(September 16, 2010 at 1:05 pm)tackattack Wrote:(September 13, 2010 at 6:31 pm)theVOID Wrote:
I am not farmiliar with the arguement and don't really have time to research it. I think I stopped at post 12, only for time constraints, but here's my opinion on the OP.
It is an uninformed dichotomy and given the options present I would choose 1. I believe 2 is also true. Morality, however as this is leading to is, is defined as subjective morality while we're trying to explain that God is an objective morality thus it's more along the lines of an equivocation fallacy. I don't get my subjective morals from God, but from myself. Then there are societal morals by which a society calls itself civilized. I do however model my morality towards the objective moraility of God rather to the shifting virtues of society.

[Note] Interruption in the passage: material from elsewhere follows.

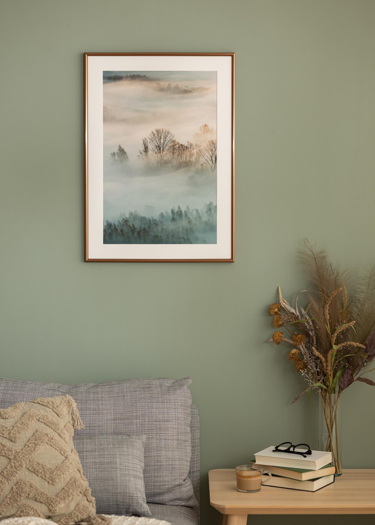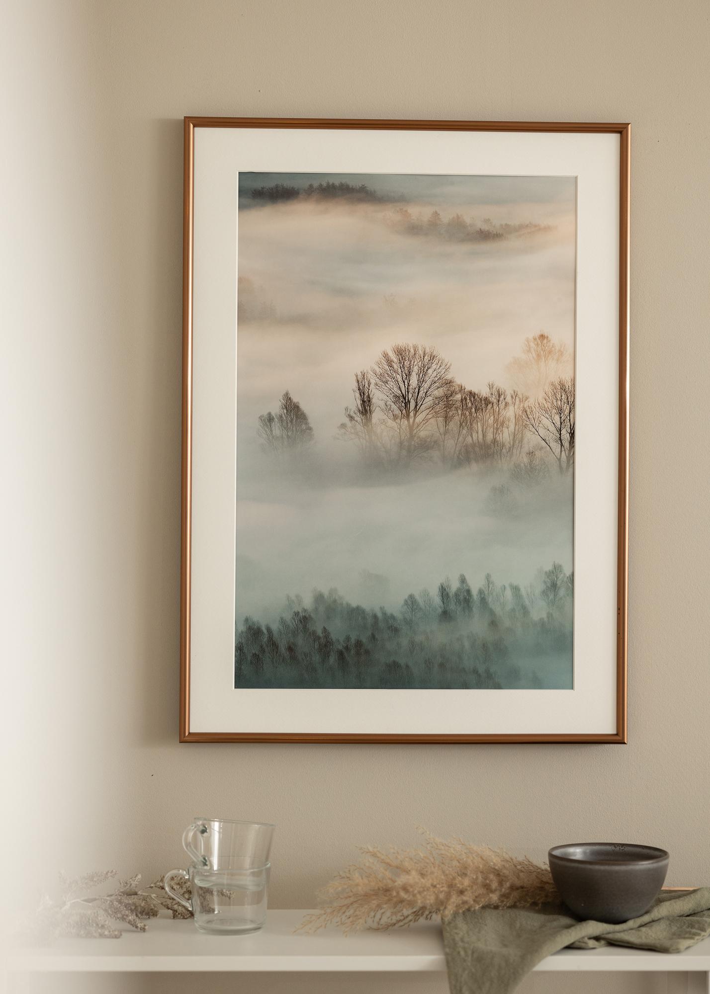 Tämä on trendikäs kehys, jossa on kiiltävä kuparinvärinen pinta. Puoliksi pyöristetty kehyslista on kapea, mutta 19 mm leveä syvyyssuunnassa, joten kehys tulee hieman ulos seinästä. Tämä tekee tehokkaan vaikutuksen, joka saa kuvasi vangitsemaan katseet. Voit valita vapaasti haluatko käyttää taulukehystä pysty- tai vaakatasossa.

Thanks for actually answering the question coherently, you could teach these theist kids a thing or two

Let shift this explicitly to authoritative morality - Is god the authoritative and final source for what is morally good? I know you get your morality from yourself, this is a given and acknowledges your morality is not necessarily that of God, but when this is considered "wrong" morality rather than "subjective" morality, do you still see all final decisions about what is morally good and morally evil down to the judgement of God?
And if that is the case then would it be fair to say that because morality is judged by God if there were a hypothetical god who judged rape moral then in that possible world rape would in fact be moral? Or perhaps a more close-to-home example, If Yahweh does actually think eating shellfish is immoral does this actually make eating shellfish immoral?